Super Bowl LVIII was the third time Vinovich refereed a Super Bowl, while Perlman and Hill officiated their final games after careers spanning 23 and 25 years, respectively. Killens, a former NFL linebacker, became the first person to officiate a Super Bowl after having played in one (he played for the Tennessee Titans in Super Bowl XXXIV).

==Aftermath==
This marked the Chiefs' third Super Bowl title and fourth Super Bowl appearance in five seasons, leading many sports commentators to consider them to be a dynasty.
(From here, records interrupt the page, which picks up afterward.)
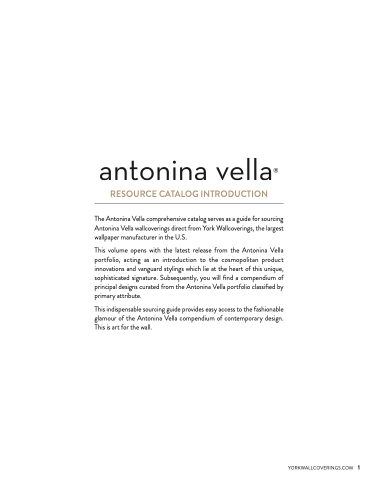 The Antonina Vella comprehensive catalog serves as a guide for sourcing Antonina Vella wallcoverings direct from York Wallcoverings, the largest wallpaper manufacturer in the U.S.
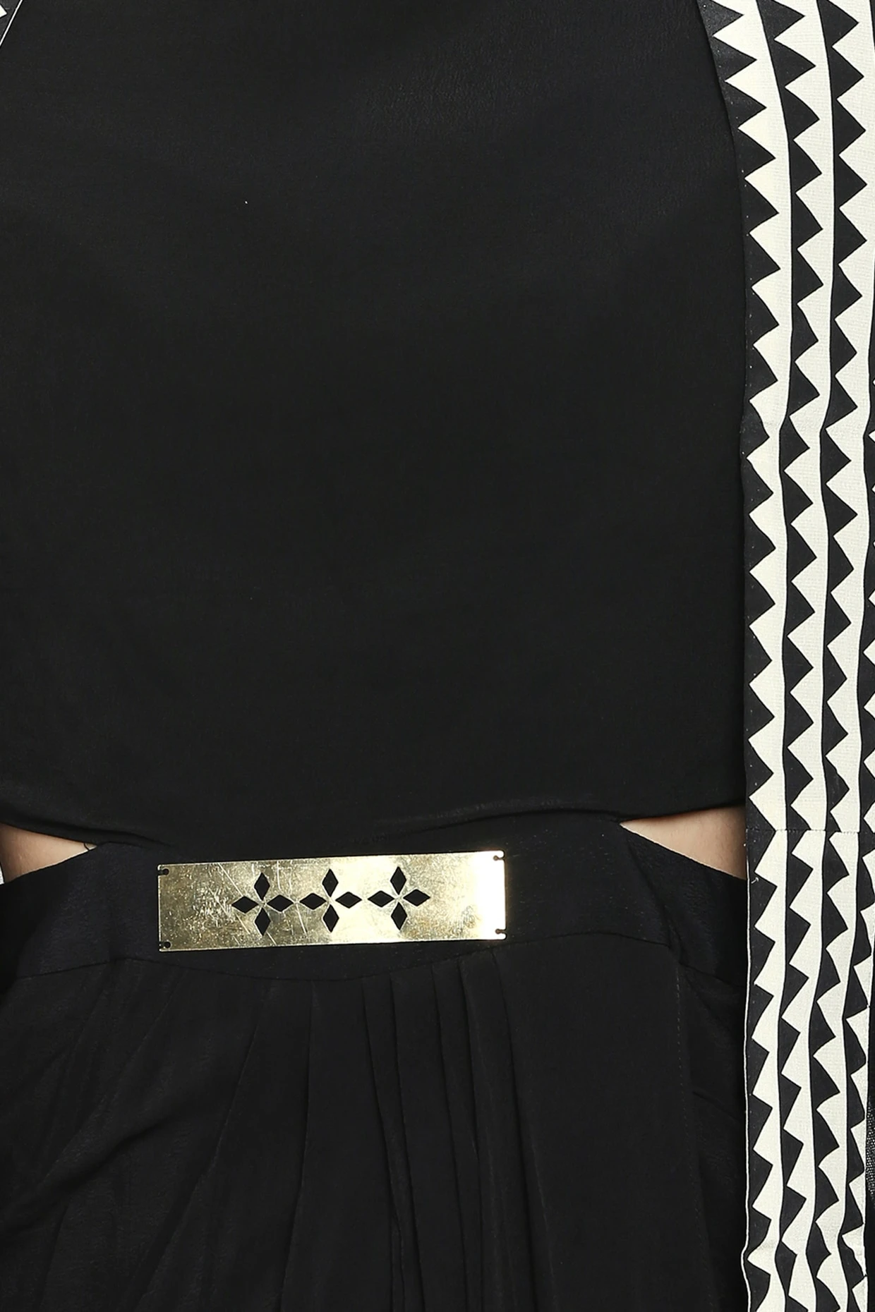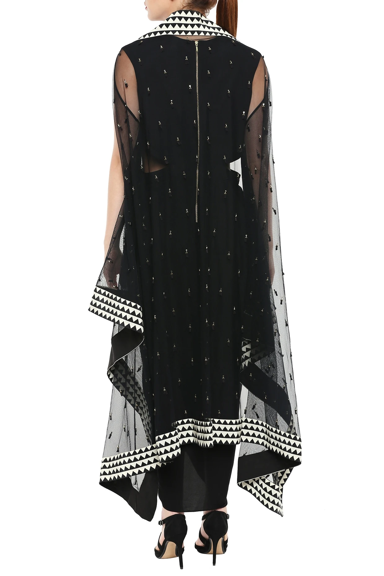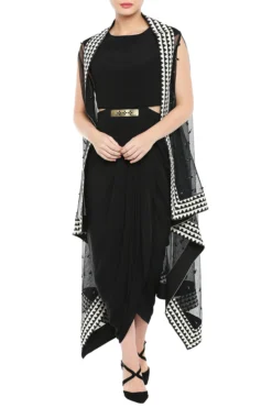 Featuring a black drape dress in crepe base with metal belt. It is paired with a matching white cape jacket in net base having hand embroidery.
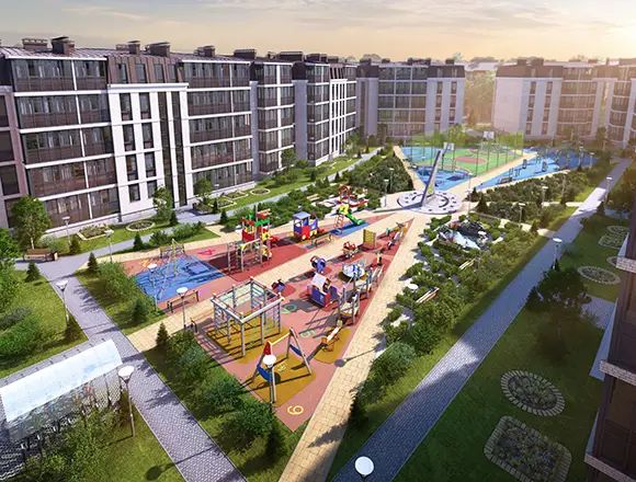 Расположение домов образует уютный внутренний двор, в центре которого будут установлены солнечные часы. Также на его территории запланированы детские площадки с безопасным покрытием, зона workout с тренажерами и полем для игры в мини-футбол, relax-зона с прудом и водопадом, а также city garden – участки для высаживания плодовых овощей, цветов и кустарников.
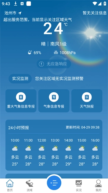 支持天气实况功能,能查看当前所在地区的降水、气温、风力、能见度等实时气象信息。
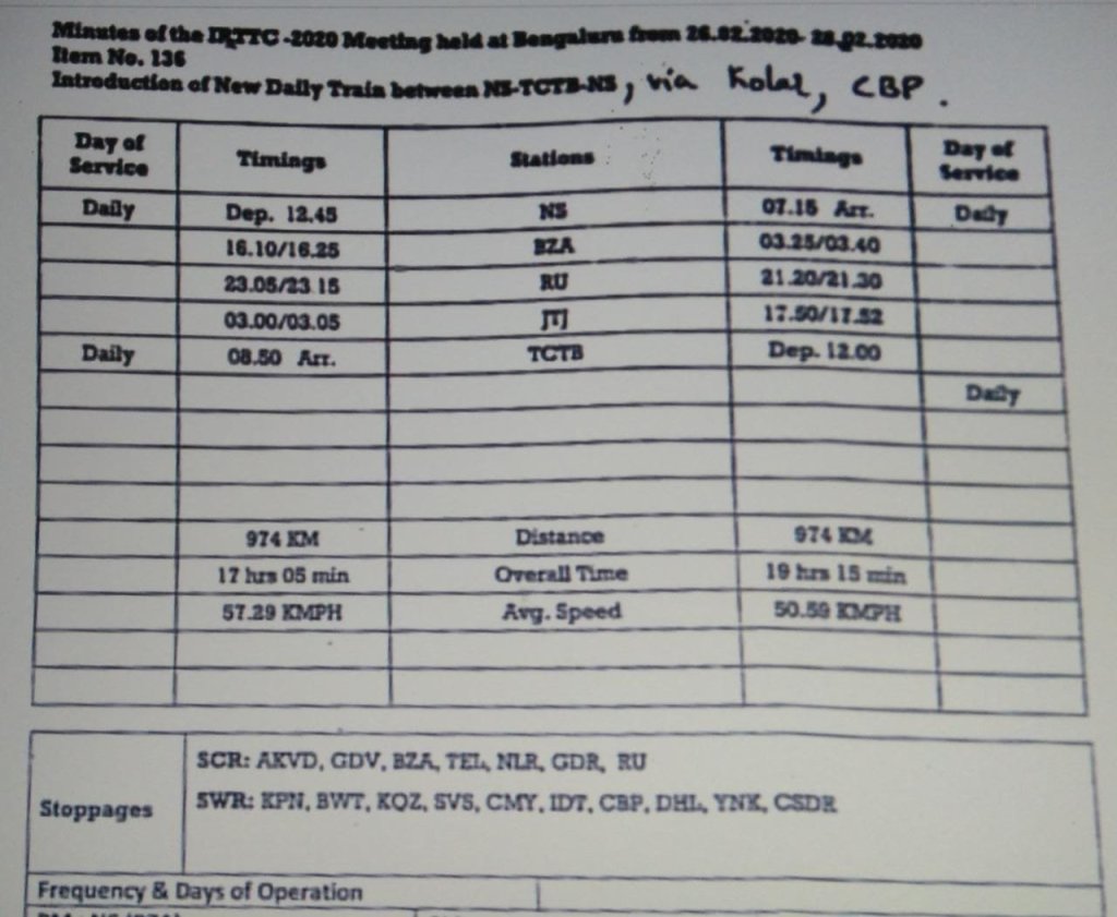 11: नई गाड़ी नरसापुर चन्नासन्दरा नरसापुर रोजाना एक्सप्रेस गाड़ी

After the game, the 49ers fired defensive coordinator Steve Wilks after one season on the job, citing poor defensive performances through the playoffs including the Super Bowl.

During the 2024 season, the Chiefs raced to a 9–0 start for the first time since the 2013 season. They finished with a league-best 15–2 record, becoming the first 15-win team since the 2015 Carolina Panthers, and reached their third straight Super Bowl. However, their bid to become the first team to win three consecutive Super Bowls ended with a 40–22 loss to the NFC champion Philadelphia Eagles.

The 49ers started the 2024 season at 5–4, but a collapse during the second half of the season led to a 6–11 record and missing the playoffs for the first time since the 2020 season, and the worst record for a team coming off a Super Bowl loss since the 2003 Oakland Raiders.

===Victory parade===

A 2 mi victory parade ran from Sixth Street to Union Station on February 14. The city council authorized almost $1 million in spending for the parade.

A shooting took place at Union Station shortly after the parade. Lisa Lopez-Galvan, a DJ of local radio station KKFI, was killed and at least 22 others were non-fatally injured, including 11 children. Three suspects were arrested, with two of the suspects being armed.